Two For One

“As far as the east is from the west, So far has He removed our transgressions from us”

Psalm 103:12

It was many years ago that we had a member of our ministry team we nicknamed “Matthew 18” because almost weekly they would share a story about how they “Matthew 18’d” someone as if it was the highlight of their week, like they were a gun for hire in an old western movie. And if they were not sharing how they had “Matthew 18’d” someone themselves, they were angry and bitter that it had been reported to them that someone was talking about them behind their back and would respond to the criticism by saying, “They never Matthew 18’d me.” What they failed to comprehend is Matthew 18 isn’t about bragging rights, its not even about being right, its about being reconciled. Sin separates people, forgiveness unites us. Isn’t that what the Cross is all about? Ephesians 4:32 states it plainly, “And be kind to one another, tenderhearted, forgiving one another, just as God in Christ forgave you.” How quickly we become victims while being blind to the log in our own eye.
Matthew 18 is not a lesson in learning to keep score or a means of proving we are right and someone else is wrong. The principle of the text was and still is the restoration of something broken. Jesus from the Cross cried out, “Father forgive them for they know not what they do.” Jesus took the nails for us so we could know forgiveness and restoration all the while being reconciled back to God and one another. Forgiveness is foundational to the Cross, its the glue that holds the Crux Immissa along with the Patibulum in place. Jesus in serving His disciples what is known as the Last Supper in Matthew 26:27-28 explains the purpose of the cup in communion, “Then He took the cup, and gave thanks, and gave it to them, saying, "Drink from it, all of you. For this is My blood of the new covenant, which is shed for many for the remission (forgiveness) of sins. The old covenant was the law, you know, “eye for an eye” but the new covenant is grace, unmerited, undeserved, one way love!    
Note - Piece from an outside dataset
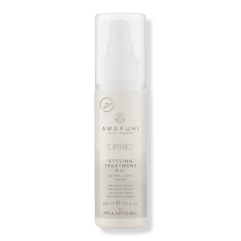 STYLING TREATMENT OIL 3.4OZ. Benefits: Dry-touch, leave-in formula. Adds hydration with awapuhi extract. Seals, smoothes + imparts shine. Ideal for all hair types. Great for prepping any hairstyle. Features: Made from at least 25% PCR (post-consumer recycled) packaging (percentages may vary/excludes closures). Tropical ginger-green tea mango scent. Color safe. Paraben free. Gluten free. :

Someone once said, “forgiveness is a grand idea until you actualy have to put it into practice.” I recall reading an article years and years ago now that said, “American’s are not as good at forgiving as they are at forgetting.” The point being made was that people don’t practice true forgiveness they just simply don’t deal with offense and in time forget it due to more current life pressures that consume them. By the way, forgetting without truly forgiving is not only not Biblical, it’s not a healthy way to deal with conflict. Most all of us have heard the expression, “Bury something alive and eventually it will come back to haunt you.” Thats what happens when we fail to forgive. You can trust me on this, I know.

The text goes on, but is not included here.